## AVAILABLE DATA

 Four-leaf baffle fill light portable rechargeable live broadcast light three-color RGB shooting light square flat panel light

---

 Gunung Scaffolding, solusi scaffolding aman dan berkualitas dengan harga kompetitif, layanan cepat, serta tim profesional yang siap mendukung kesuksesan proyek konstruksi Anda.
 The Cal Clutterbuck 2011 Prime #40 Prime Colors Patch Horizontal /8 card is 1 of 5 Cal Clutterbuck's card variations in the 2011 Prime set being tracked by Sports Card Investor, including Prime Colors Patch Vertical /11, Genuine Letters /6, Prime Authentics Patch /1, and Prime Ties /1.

--

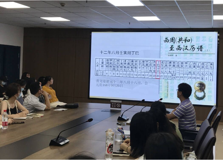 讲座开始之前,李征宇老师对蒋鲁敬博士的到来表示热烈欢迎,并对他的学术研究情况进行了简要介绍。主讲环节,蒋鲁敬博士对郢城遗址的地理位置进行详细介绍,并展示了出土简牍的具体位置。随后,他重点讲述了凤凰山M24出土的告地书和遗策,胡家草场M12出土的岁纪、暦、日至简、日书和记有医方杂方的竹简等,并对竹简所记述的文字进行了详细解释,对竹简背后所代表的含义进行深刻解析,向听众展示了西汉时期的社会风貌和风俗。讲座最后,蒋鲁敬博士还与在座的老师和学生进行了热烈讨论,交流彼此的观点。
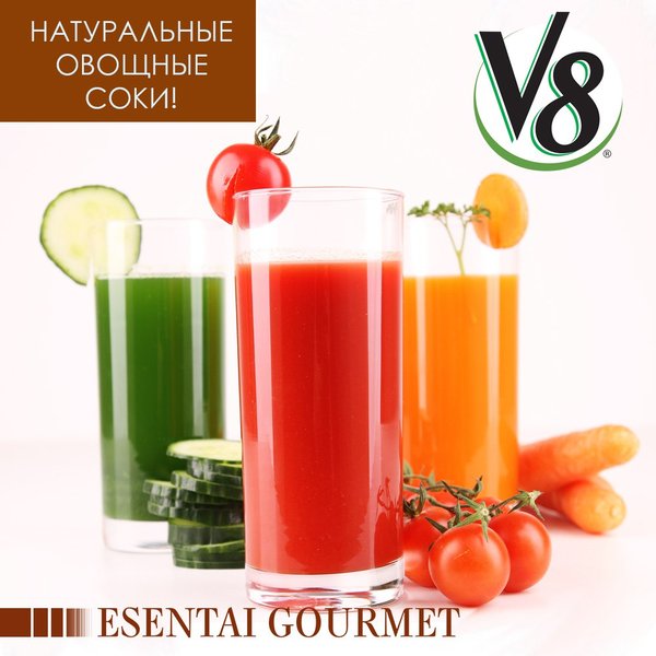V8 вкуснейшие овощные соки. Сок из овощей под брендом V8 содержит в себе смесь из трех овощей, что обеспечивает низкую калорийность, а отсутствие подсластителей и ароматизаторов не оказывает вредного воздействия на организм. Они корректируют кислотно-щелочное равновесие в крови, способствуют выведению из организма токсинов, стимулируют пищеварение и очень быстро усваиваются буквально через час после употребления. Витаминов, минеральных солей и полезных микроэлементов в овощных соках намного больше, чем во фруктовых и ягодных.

## ACTION ITEM
Set down exactly the lines of the data above, beginning with the line that has "Gunung Scaffolding, solusi" and ending with the line that has "The Cal Clutterbuck", and no others.

## COMPLETED TASK
 Gunung Scaffolding, solusi scaffolding aman dan berkualitas dengan harga kompetitif, layanan cepat, serta tim profesional yang siap mendukung kesuksesan proyek konstruksi Anda.
 The Cal Clutterbuck 2011 Prime #40 Prime Colors Patch Horizontal /8 card is 1 of 5 Cal Clutterbuck's card variations in the 2011 Prime set being tracked by Sports Card Investor, including Prime Colors Patch Vertical /11, Genuine Letters /6, Prime Authentics Patch /1, and Prime Ties /1.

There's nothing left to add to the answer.